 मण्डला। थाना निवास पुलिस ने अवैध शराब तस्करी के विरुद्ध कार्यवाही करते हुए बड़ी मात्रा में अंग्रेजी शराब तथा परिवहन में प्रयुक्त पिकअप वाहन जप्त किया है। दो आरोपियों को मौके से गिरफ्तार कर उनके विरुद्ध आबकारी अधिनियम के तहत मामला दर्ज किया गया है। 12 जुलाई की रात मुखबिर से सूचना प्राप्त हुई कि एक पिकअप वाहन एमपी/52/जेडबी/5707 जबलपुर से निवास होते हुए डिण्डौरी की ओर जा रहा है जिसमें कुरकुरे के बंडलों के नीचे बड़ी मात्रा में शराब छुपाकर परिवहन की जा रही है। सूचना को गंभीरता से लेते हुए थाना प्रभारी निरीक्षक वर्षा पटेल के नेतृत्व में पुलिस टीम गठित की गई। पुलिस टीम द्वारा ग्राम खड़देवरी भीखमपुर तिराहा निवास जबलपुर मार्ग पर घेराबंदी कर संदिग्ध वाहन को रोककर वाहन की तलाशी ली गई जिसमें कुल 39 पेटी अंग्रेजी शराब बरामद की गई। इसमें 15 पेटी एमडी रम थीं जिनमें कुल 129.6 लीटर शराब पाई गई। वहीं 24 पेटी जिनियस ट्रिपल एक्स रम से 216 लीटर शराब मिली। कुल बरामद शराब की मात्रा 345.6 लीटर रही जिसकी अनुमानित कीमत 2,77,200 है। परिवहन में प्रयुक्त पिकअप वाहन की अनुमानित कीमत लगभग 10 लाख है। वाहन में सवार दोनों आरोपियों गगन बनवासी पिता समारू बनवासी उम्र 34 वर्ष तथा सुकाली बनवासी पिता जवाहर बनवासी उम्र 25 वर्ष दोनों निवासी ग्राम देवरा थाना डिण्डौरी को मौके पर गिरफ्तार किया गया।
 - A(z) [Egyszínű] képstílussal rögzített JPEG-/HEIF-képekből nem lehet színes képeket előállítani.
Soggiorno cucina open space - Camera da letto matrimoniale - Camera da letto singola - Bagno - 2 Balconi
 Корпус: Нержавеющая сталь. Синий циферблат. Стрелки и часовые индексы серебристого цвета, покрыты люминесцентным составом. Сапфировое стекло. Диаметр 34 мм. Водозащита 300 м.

================================

From the line that contains "Soggiorno cucina open" to the last line of the material above, repeat every line exactly, keeping both the first and the last.

• _Task result_:
Soggiorno cucina open space - Camera da letto matrimoniale - Camera da letto singola - Bagno - 2 Balconi
 Корпус: Нержавеющая сталь. Синий циферблат. Стрелки и часовые индексы серебристого цвета, покрыты люминесцентным составом. Сапфировое стекло. Диаметр 34 мм. Водозащита 300 м.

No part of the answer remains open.